Using the records that follow, reproduce exactly the lines starting at the line containing "ശബരിമല കർമ്മ സമിതി" and ending at the line containing "AND ADJUSTMENT: The". Include both end lines and no pictures.

------ RECORDS SUPPLIED ------

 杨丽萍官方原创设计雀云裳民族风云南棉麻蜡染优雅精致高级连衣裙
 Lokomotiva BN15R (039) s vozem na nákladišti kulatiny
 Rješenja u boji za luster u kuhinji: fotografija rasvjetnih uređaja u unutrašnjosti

------
------ RECORDS SUPPLIED ------

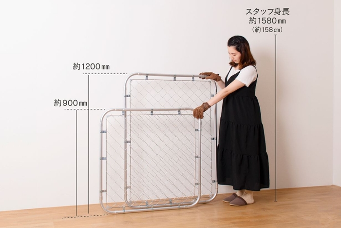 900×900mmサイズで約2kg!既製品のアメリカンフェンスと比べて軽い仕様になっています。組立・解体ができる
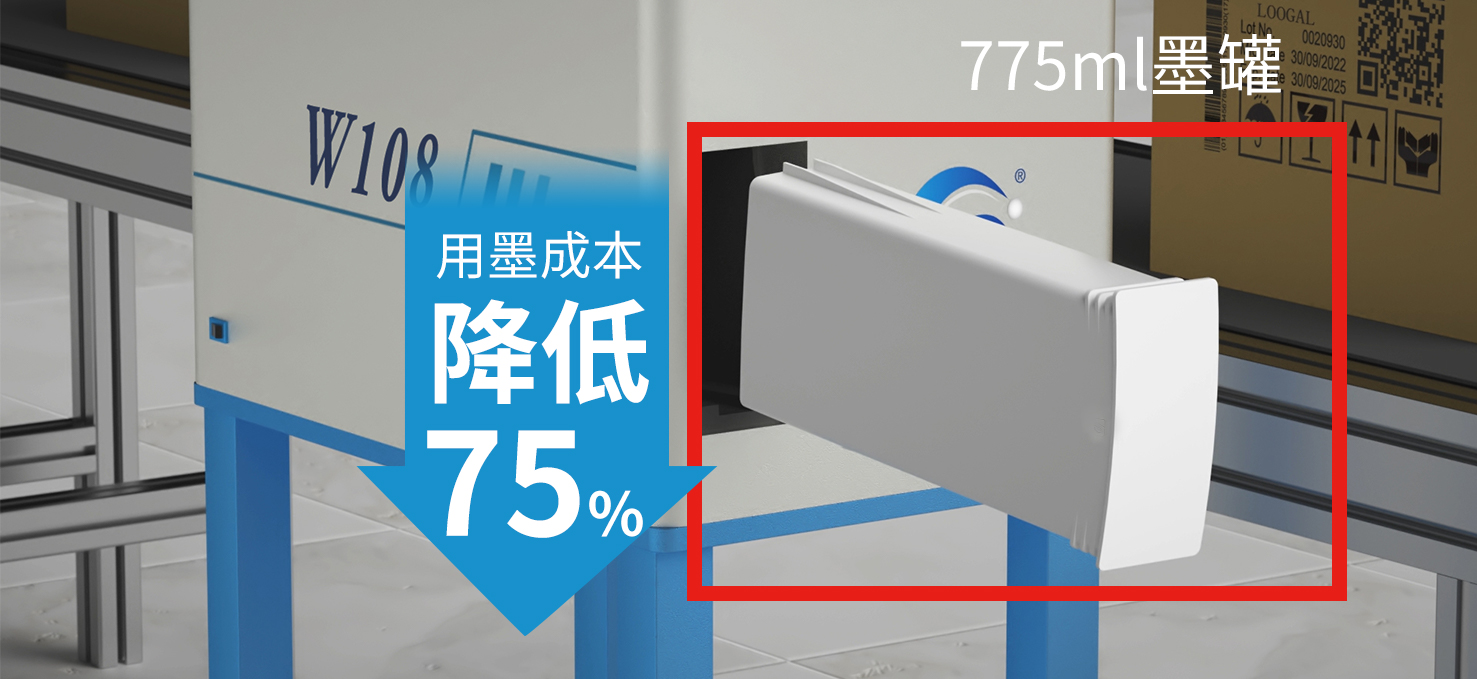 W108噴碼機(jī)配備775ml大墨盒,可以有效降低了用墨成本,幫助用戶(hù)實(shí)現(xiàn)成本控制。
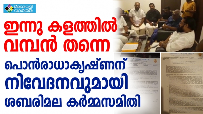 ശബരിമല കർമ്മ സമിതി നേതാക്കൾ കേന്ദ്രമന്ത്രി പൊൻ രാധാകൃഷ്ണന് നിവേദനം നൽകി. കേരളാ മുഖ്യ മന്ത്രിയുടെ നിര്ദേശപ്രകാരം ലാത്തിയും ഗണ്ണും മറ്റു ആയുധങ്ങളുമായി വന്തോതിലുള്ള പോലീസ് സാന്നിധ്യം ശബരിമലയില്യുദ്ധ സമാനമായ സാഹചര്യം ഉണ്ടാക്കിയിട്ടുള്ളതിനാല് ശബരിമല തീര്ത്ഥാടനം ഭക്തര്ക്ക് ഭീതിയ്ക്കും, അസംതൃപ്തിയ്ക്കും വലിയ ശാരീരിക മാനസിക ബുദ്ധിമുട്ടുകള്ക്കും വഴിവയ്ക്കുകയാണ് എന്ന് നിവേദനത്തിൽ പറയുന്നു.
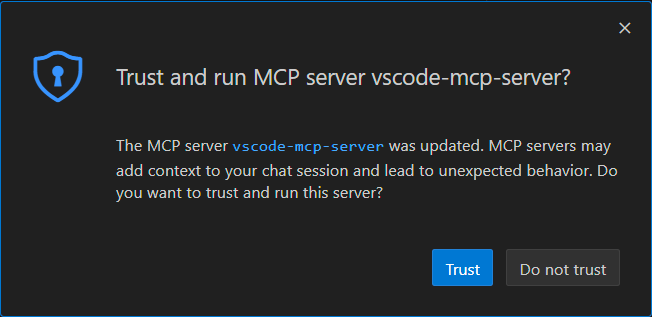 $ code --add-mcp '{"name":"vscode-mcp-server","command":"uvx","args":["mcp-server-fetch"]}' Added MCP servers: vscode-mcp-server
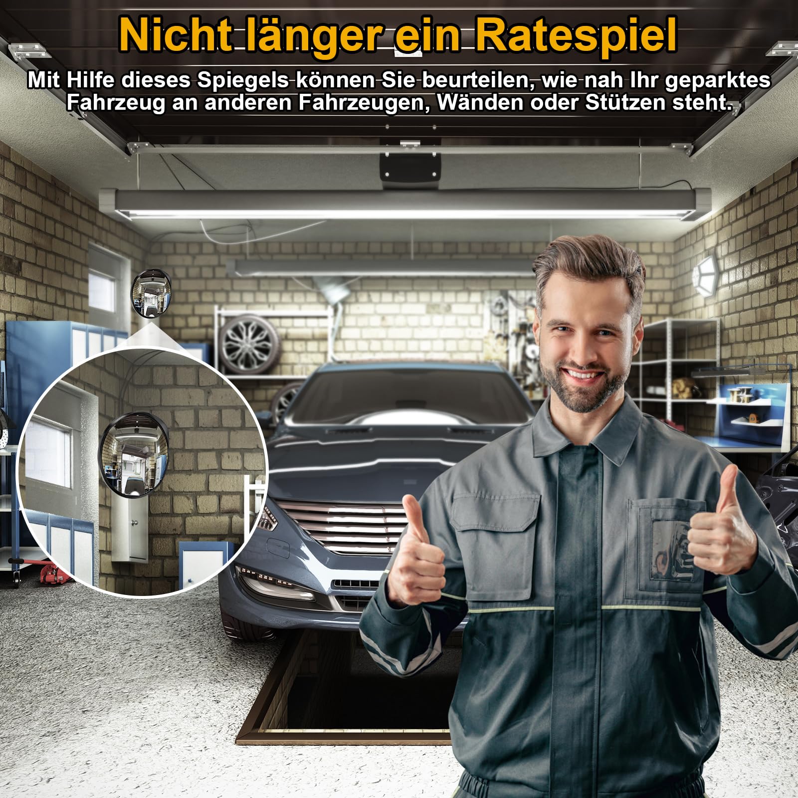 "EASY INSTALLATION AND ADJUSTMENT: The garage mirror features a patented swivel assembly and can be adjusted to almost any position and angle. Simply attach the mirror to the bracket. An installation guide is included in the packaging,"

------

__ANSWER TO THIS PROBLEM__.
 ശബരിമല കർമ്മ സമിതി നേതാക്കൾ കേന്ദ്രമന്ത്രി പൊൻ രാധാകൃഷ്ണന് നിവേദനം നൽകി. കേരളാ മുഖ്യ മന്ത്രിയുടെ നിര്ദേശപ്രകാരം ലാത്തിയും ഗണ്ണും മറ്റു ആയുധങ്ങളുമായി വന്തോതിലുള്ള പോലീസ് സാന്നിധ്യം ശബരിമലയില്യുദ്ധ സമാനമായ സാഹചര്യം ഉണ്ടാക്കിയിട്ടുള്ളതിനാല് ശബരിമല തീര്ത്ഥാടനം ഭക്തര്ക്ക് ഭീതിയ്ക്കും, അസംതൃപ്തിയ്ക്കും വലിയ ശാരീരിക മാനസിക ബുദ്ധിമുട്ടുകള്ക്കും വഴിവയ്ക്കുകയാണ് എന്ന് നിവേദനത്തിൽ പറയുന്നു.
 $ code --add-mcp '{"name":"vscode-mcp-server","command":"uvx","args":["mcp-server-fetch"]}' Added MCP servers: vscode-mcp-server
 "EASY INSTALLATION AND ADJUSTMENT: The garage mirror features a patented swivel assembly and can be adjusted to almost any position and angle. Simply attach the mirror to the bracket. An installation guide is included in the packaging,"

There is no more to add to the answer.